Yesterday's attack at Brennecke Beach was similar to an attack on another bodyboarder on Kaua'i a little more than four years ago. Michael Coots was bodyboarding in murky water Oct. 28, 1997, at Waiokapua Bay, also known as Major's, when a shark attacked him. Surfers said the water was a dirty brown-green, as it can be when water is flowing into the ocean from drainage ditches.
The shark grabbed Coots' right leg. He stuck his hand into the shark's mouth to get it to release him. When it did not, he began punching it in the head until it did.

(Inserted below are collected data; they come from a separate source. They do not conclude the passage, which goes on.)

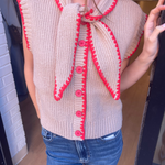 This sleeveless sweater top features a playful scarf neck detail and stylish contrast stitching, adding a fun twist to your outfit. Perfect for pairing with your favorite jeans or a cute skirt, it’s a versatile piece that brightens up any wardrobe with effortless charm.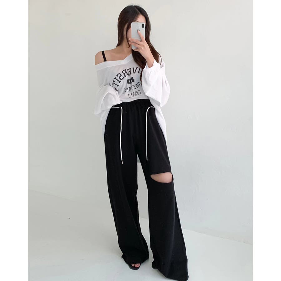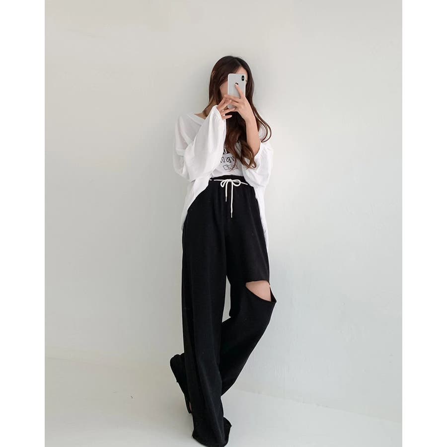 カットアウトワイドスウェットパンツ カットオフパンツ madeinkorea
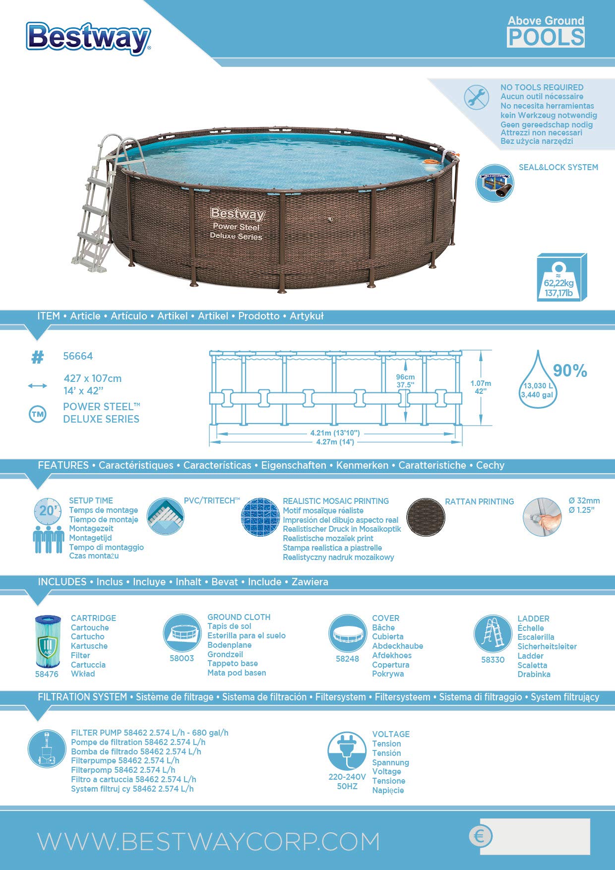Größe: D 427 x 107 cm, Wasserkapazität zu 90% gefüllt: 13.030 Liter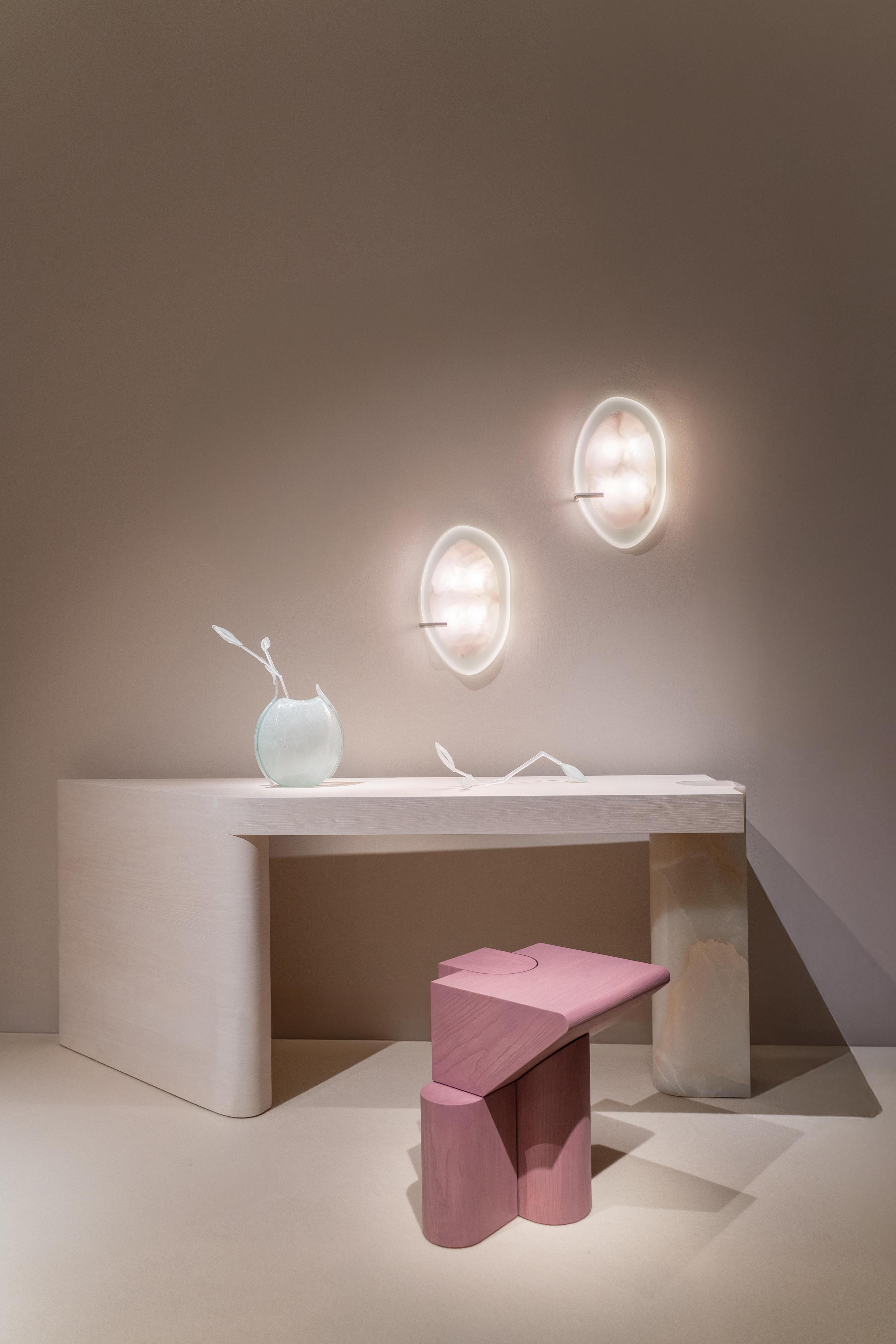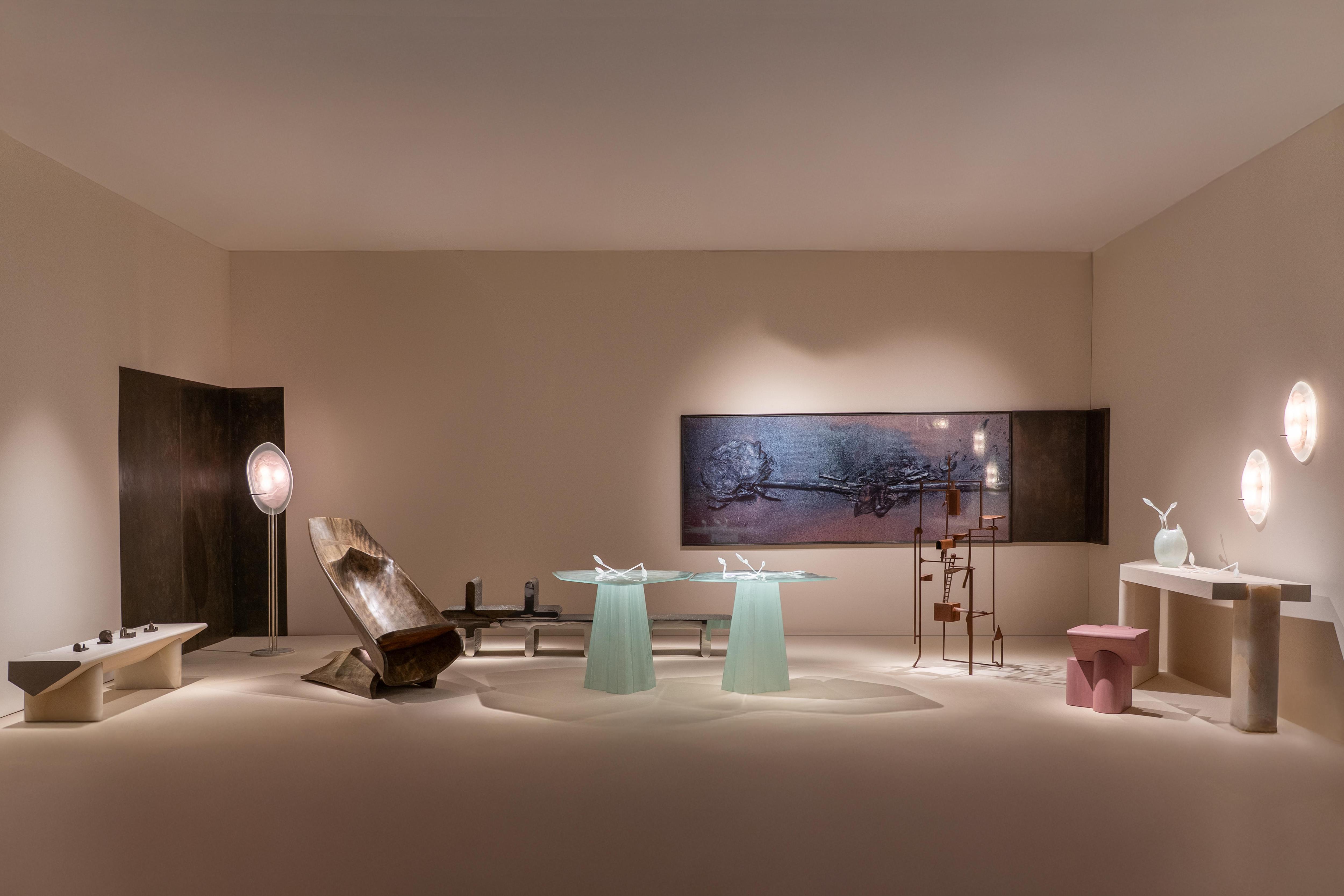 На стене световые скульптуры La Lune Арианы Ахмад. Консоль и столик Шарля Калпакиана. Стеклянные объекты Ксении Брейво.

Like the attack on Aki, Coots, then 18, made his own way to shore. In his case, the shark removed his leg at mid-calf. Coots has since returned to bodyboarding.
Layosa said neither Aki nor witnesses saw enough of the shark to identify it, but Naughton described attacks like this as "classic tiger shark attacks." Often, he said, a tiger shark will attack a human in murky water, do a great deal of shaking and leave.
If a turtle were attacked, the shark would return for more. Heacock said that with the available information, there is no way of knowing for certain what kind of shark it was, but he agreed that a tiger is a likely suspect.
"These animals are the wolves of the sea, and they'll put themselves in a position that's to their advantage," Heacock said. "In muddy water, they have a great advantage, because they can detect smells and motion. But they'll attack in crystal-clear water, too."